- Genre: Heavy metal, death metal, doom metal, thrash metal, black metal, grindcore, experimental, hardcore punk, stoner metal, progressive metal
- Dates: 21–24 May 2026
- Locations: Baltimore, Maryland, United States
- Years active: 2003–2019; 2022; 2024-present
- Founded: 2003
- Founders: Ryan Taylor & Evan Harting
- Website: www.deathfests.com

= Maryland Deathfest =

Annual American extreme music festival

Maryland Deathfest (often abbreviated to MDF) is an annual American extreme metal music festival founded in 2003 by Ryan Taylor and Evan Harting. The festival is held in Baltimore, Maryland during Memorial Day weekend, and it features many bands from around the world that vary from a wide range of heavy metal subgenres. It is the biggest event of its kind in North America, attracting attendees from more than 40 U.S. states and 30 countries every year. More than 800 bands from more than 40 countries have played at MDF since 2003.
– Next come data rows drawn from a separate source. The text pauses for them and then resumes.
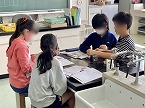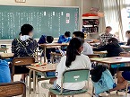5年1組は「く(くらべられる量)も(もとにする量)わ(割合)の式」にあてはめながら「割合」の学習のまとめの問題に取り組んでいました。2組は「どうやったら電磁石の力が強くなるのか」という問いに対し、電池の数をふやしたり、導線の巻数を変えたりする実験を通して検証していました。
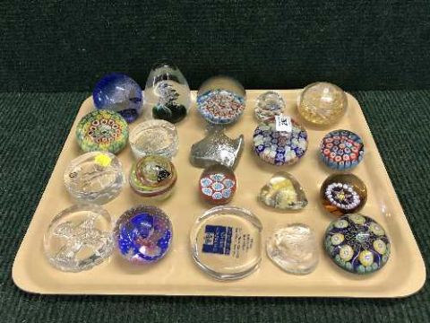A tray of twenty glass paperweights
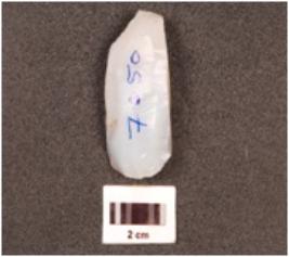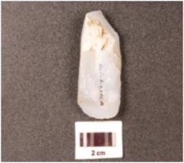 | Description / विवरण | A core made of chalcedony flake, flake scars on the surface, cortex on the surface and smooth surface. |

The concept of the event is "To bring to the world the best and most extreme bands the underground has to offer. Never conforming to trends, or being limited by genre restrictions, we want to showcase what extreme music, both new and old, is capable of."

Due to the COVID-19 pandemic, MDF was cancelled in 2020 and 2021, but returned on May 26–29, 2022.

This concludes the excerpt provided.